Pelosi has vowed not bring the Senate-passed bipartisan infrastructure bill to a vote until the House takes up the $3.5 trillion reconciliation bill that is being considered.
On Saturday, Pelosi set an Oct. 1 target date for passing the infrastructure and social spending packages.
"The House should put politics aside and do the same [as the Senate]," Manchin said. "With so much uncertainty in the world today, one thing is certain, we must unite and pass a critical priority of the American people — improving our nation's infrastructure.
"It would send a terrible message to the American people if this bipartisan bill is held hostage. I urge my colleagues in the House to move swiftly to get this once in a generation legislation to the president's desk for his signature."
House Democrats returned to Washington on Monday, with leadership wanting to approve a budget blueprint to pass the $3.5 trillion spending plan later this year without Republican support.
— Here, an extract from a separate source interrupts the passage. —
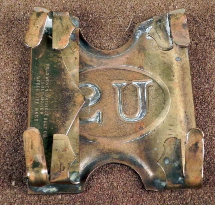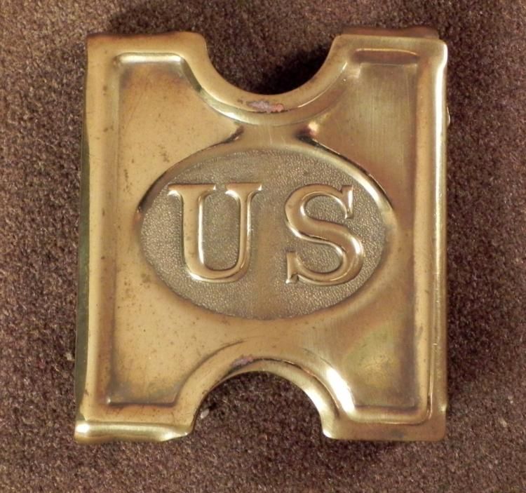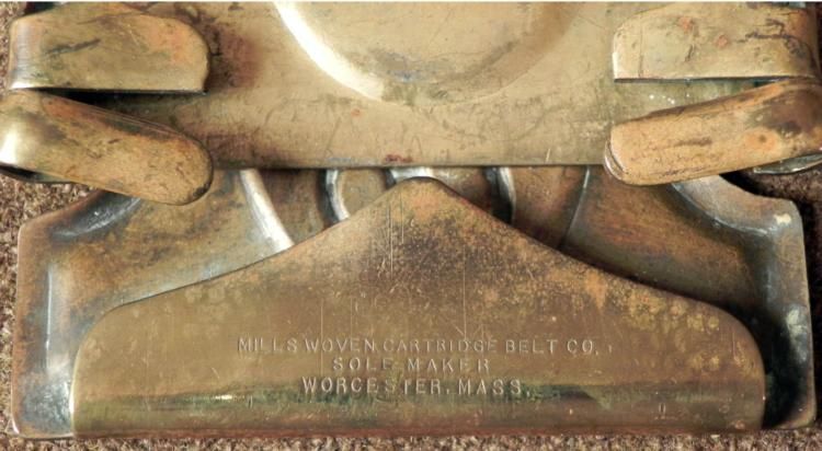 HERE IS AN OUTSTANDING ORIGINAL BRASS, SPANISH-AMERICAN WAR "US" CARTRIDGE BELT BUCKLE. IT IS IN THE SHAPE OF THE LETTER "H" WITH "US" IN CENTER. THE BELT BUCKLE HAS BEEN POLISHED IN FRONT, BUT THE NOT BACK. ON THE REVERSE IT IS MARKED "MILLS WOVEN CARTRIDGE * BELT COMPANY-SOLE MAKER-WORCHESTER, MASS". *

They then want to leave town as soon as Tuesday, The Hill reported.
Progressives and House leadership have said the bipartisan bill doesn't have the votes to pass unless it's directly tied to larger spending package.
Pelosi, who was expected to bring the budget resolution up on the floor on Tuesday, can afford to lose the backing of only three caucus members. But even if the speaker and the nine moderates resolve their differences and the House approves the budget resolution, Democrats still face an uphill fight in forming a $3.5 trillion package.
Moderate Democrats in both chambers are concerned about the reconciliation bill’s price tag.
In the Senate, Majority Leader Charles Schumer, D-N.Y., needs every member of his caucus on board to pass the legislature.
Both Manchin and Sen. Kyrsten Sinema, D-Ariz., have expressed objections to the $3.5 trillion bill.
Sinema has signaled that she intended to try to pare down the bill before the Senate returns next month.
Sinema spokesman John LaBombard said Monday that "she will not support a budget reconciliation bill that costs $3.5 trillion" and urged for the Senate's $1 trillion bipartisan bill to be "considered on its own merits."